In part one of this post, we looked at the events leading up to this crucial moment in time in the events in Exodus.

  • Moses, Aaron, and the Israelites all experienced God’s awesome undeniable power and deliverance
  • and yet, while Moses was coming down from a mountain top experience with God, Aaron led the charge of creating and worshiping an idol despite the amazing plans God had for His future (more details on all this in the part one of this post series). So – as I said last week – here they are – Moses frustrated and enraged, and Aaron leading a charge against everything he’d just witnessed. What’s a brother to do? Let’s look at their responses:

First, Aaron’s initial response when being confronted by Moses was deceitful to himself. Aaron made it seem like he had needed to please the people, but the truth is that other people can only tempt us, not force us to sin. (Matt Henry) Rather than responding in recognition of his wrong, he rationalized and justified his choices. Until we recognize and own up to our choices, we cannot recognize our need to repent, we won’t desire forgiveness, and thus cannot find or accept mercy or grace. If you are Moses and you are watching your loved one self-destruct and enter denial or try to hide it from you, it sounds hopeless right? But Moses is an example of what one in the bystander situation can do.

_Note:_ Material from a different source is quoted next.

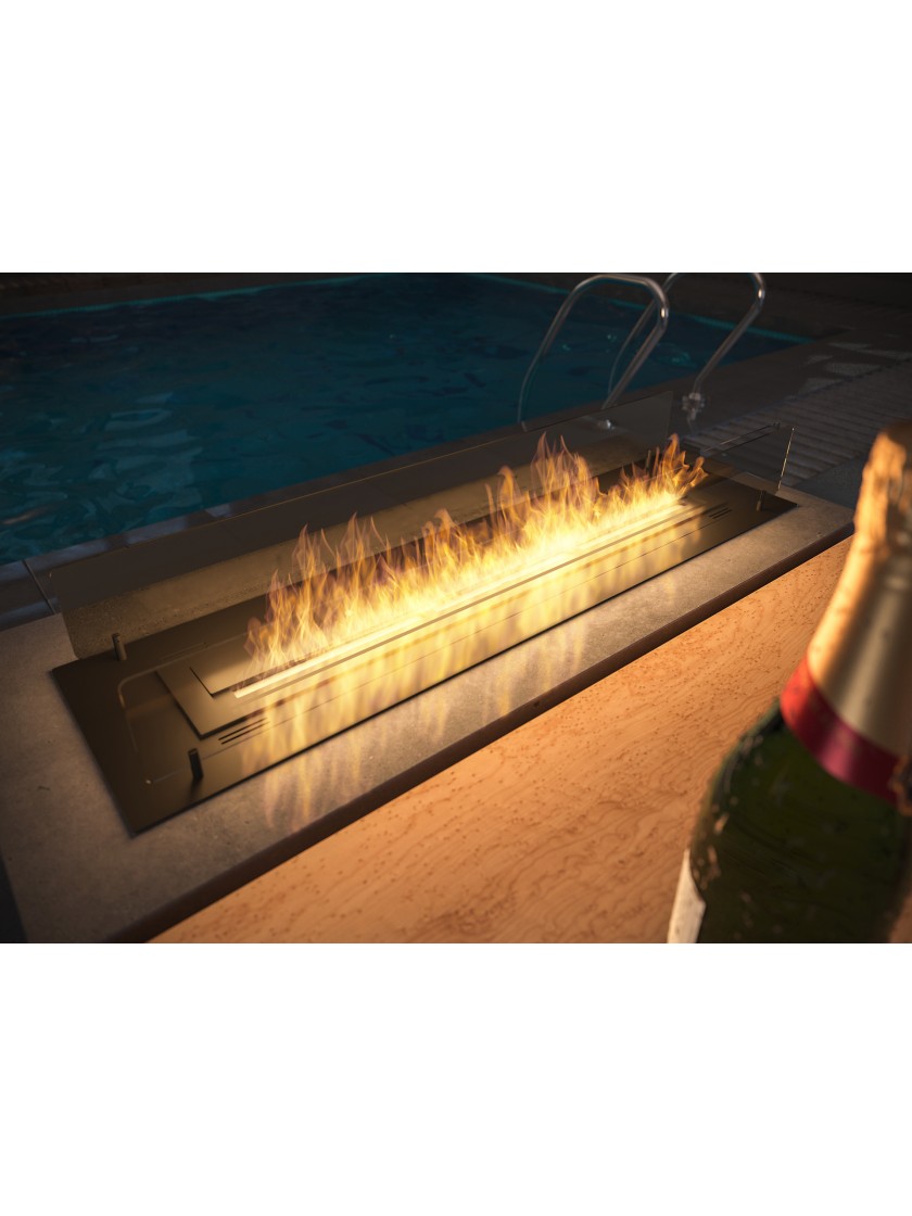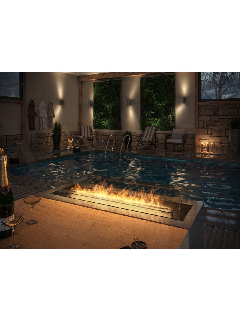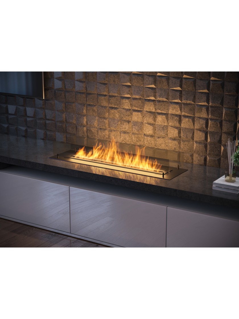 Модель INSERT 1200 - це камін, призначений для установки в підготовлену нішу. Ми пропонуємо 600 мм вогнища, вбудованого в спеціальний кожух, який разом зі склом і красивою обробкою утворює цілісне, естетичне ціле. Шайба пальника в першу чергу відповідає за поглинання тепла пальника, не дозволяючи йому нагріватися вище рівня землі. Крім того, камера корпусу під пальником призначена для зниження тиску, який може виникнути при розливі палива. Це система, яка забезпечує безпечне використання каміна. Завдяки вищезазначеним рішенням можна вбудувати вогонь навіть у меблеву дошку (виключаючи фольговані панелі). Найвища якість нержавіючої сталі забезпечує якість та довговічність.

Moses pleaded with God for mercy for his brother and the people even before Aaron or the Israelites may have recognized their wrong and need for mercy. If you look at the text, it is the act of pleading for mercy on behalf of the people in sin that invokes God’s compassion to work in tandem with his justice all while still accomplishing His purpose. I believe this is an all too symbolic picture of how Christ pleads to the Father on our behalf. (Matt Henry) God wants us to have a heart like Christ and to teach us forgiveness, love, grace, and mercy …and yet He also wants to teach us and help us understand the cost of it to the one who gives it. When we can be like Moses and go to God on behalf of a brother or loved one for mercy – especially at the risk of it costing us in some personal way…whether it be time, upset between you and that person when you need to speak truth and expose sin, energy invested in prayer, or heartache and submission to however He might choose to use us to encourage change in the individual – we experience and understand just a tiny glimpse of the cost Jesus paid on our behalf. This scripture is encouraging to me because it shows that Moses’s prayer for mercy on behalf of an undeserving, cretinous people did have an impact on God’s response to the people. Our prayers for people, even before they recognize their need for change, are heard and are not in vain.

Though Moses pleaded for mercy on behalf of Aaron and the Israelites, there eventually came a time where they were called to choose sides and decide their own destiny. Moses asked “Who is on the LORD’s side?” What happened then and there was a deciding factor that preceded the death and destruction of those set on persisting in wickedness. While it is God’s decision and timing alone, there will always come a point in time where every person makes the ultimate choice, and those who persist on continuing in sin, who openly stand forth as those that choose openly and firmly to stand against the Lord and thus the ones on the Lord’s side – and are firm and happy in it – they are destined for judgement and ruin. (Matt Henry)

And Finally, Aaron – praise the Lord – did not stay in denial long before returning to God’s side. The Bible says that He who began a good work in us will carry it out to completion (Phil 1:6). I believe we saw the good work begun in Aaron back in Egypt, and despite his foolish choices, God’s mercy in this situation made it >

  • possible for Aaron to still live the calling to which God intended for him >
  • but with a deeper level or understanding that he was unworthy of his calling apart from any reason other than the grace of God. (Matt Henry) What good is it if we have an exciting and important calling from God, yet we somehow deceive ourselves into thinking we are worthy of it in any way apart from under the righteous goodness of Christ? Like the specific and intricate priestly garments he would soon wear (that symbolized the righteousness of Christ that we all must wear to appear justified and blameless and redeemed before a holy God), Aaron needed to know full well that it wasn’t he who was worthy but God whose grace and mercy and righteousness that made him worthy.  This is also so true for us. Aaron may have fallen to temptation and experienced a major defeat, but God took what Satan meant for evil and worked it for good in the end so that any pride and boasting about the high call on Aaron’s life may be silenced and prevented.(Matt Henry) Instead of anyone thinking it was he who earned the position, or instead of him beginning to think he’d deserved any of the positions God would place him in, he would now know he was undeserving and that he would fulfill his role because of God’s grace alone. The grace and ability of God would be the only thing magnified in his role as a priest…not his own ability.